→ How to complete this task:
Give back every line of the material exactly. Skip the pictures.
(Beginning of Input data)
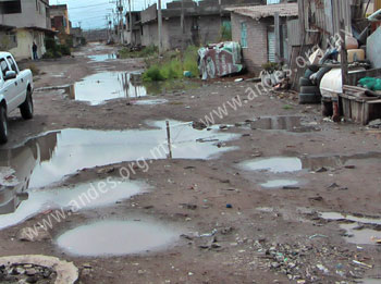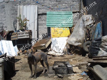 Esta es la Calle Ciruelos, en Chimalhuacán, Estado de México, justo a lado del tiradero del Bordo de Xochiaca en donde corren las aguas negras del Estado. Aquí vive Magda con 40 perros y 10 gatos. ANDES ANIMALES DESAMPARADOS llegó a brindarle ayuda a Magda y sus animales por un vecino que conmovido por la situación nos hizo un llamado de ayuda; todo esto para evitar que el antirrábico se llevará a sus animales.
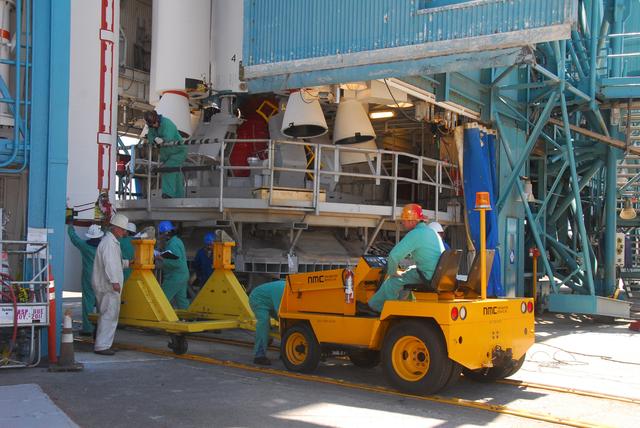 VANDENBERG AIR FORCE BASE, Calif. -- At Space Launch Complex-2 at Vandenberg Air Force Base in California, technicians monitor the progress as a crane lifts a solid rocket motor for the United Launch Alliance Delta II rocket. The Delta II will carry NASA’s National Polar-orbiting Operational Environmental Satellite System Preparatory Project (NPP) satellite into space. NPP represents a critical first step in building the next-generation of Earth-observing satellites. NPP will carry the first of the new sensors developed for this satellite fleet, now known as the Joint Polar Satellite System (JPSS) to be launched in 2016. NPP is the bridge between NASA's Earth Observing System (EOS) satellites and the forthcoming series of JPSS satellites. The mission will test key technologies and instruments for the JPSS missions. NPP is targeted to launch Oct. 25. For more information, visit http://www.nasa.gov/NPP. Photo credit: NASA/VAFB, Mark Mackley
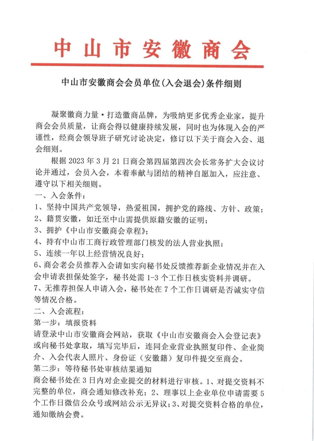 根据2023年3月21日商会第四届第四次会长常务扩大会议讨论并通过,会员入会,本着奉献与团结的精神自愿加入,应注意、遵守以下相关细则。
(End of Input data)
→ Written response:
 Esta es la Calle Ciruelos, en Chimalhuacán, Estado de México, justo a lado del tiradero del Bordo de Xochiaca en donde corren las aguas negras del Estado. Aquí vive Magda con 40 perros y 10 gatos. ANDES ANIMALES DESAMPARADOS llegó a brindarle ayuda a Magda y sus animales por un vecino que conmovido por la situación nos hizo un llamado de ayuda; todo esto para evitar que el antirrábico se llevará a sus animales.
 VANDENBERG AIR FORCE BASE, Calif. -- At Space Launch Complex-2 at Vandenberg Air Force Base in California, technicians monitor the progress as a crane lifts a solid rocket motor for the United Launch Alliance Delta II rocket. The Delta II will carry NASA’s National Polar-orbiting Operational Environmental Satellite System Preparatory Project (NPP) satellite into space. NPP represents a critical first step in building the next-generation of Earth-observing satellites. NPP will carry the first of the new sensors developed for this satellite fleet, now known as the Joint Polar Satellite System (JPSS) to be launched in 2016. NPP is the bridge between NASA's Earth Observing System (EOS) satellites and the forthcoming series of JPSS satellites. The mission will test key technologies and instruments for the JPSS missions. NPP is targeted to launch Oct. 25. For more information, visit http://www.nasa.gov/NPP. Photo credit: NASA/VAFB, Mark Mackley
 根据2023年3月21日商会第四届第四次会长常务扩大会议讨论并通过,会员入会,本着奉献与团结的精神自愿加入,应注意、遵守以下相关细则。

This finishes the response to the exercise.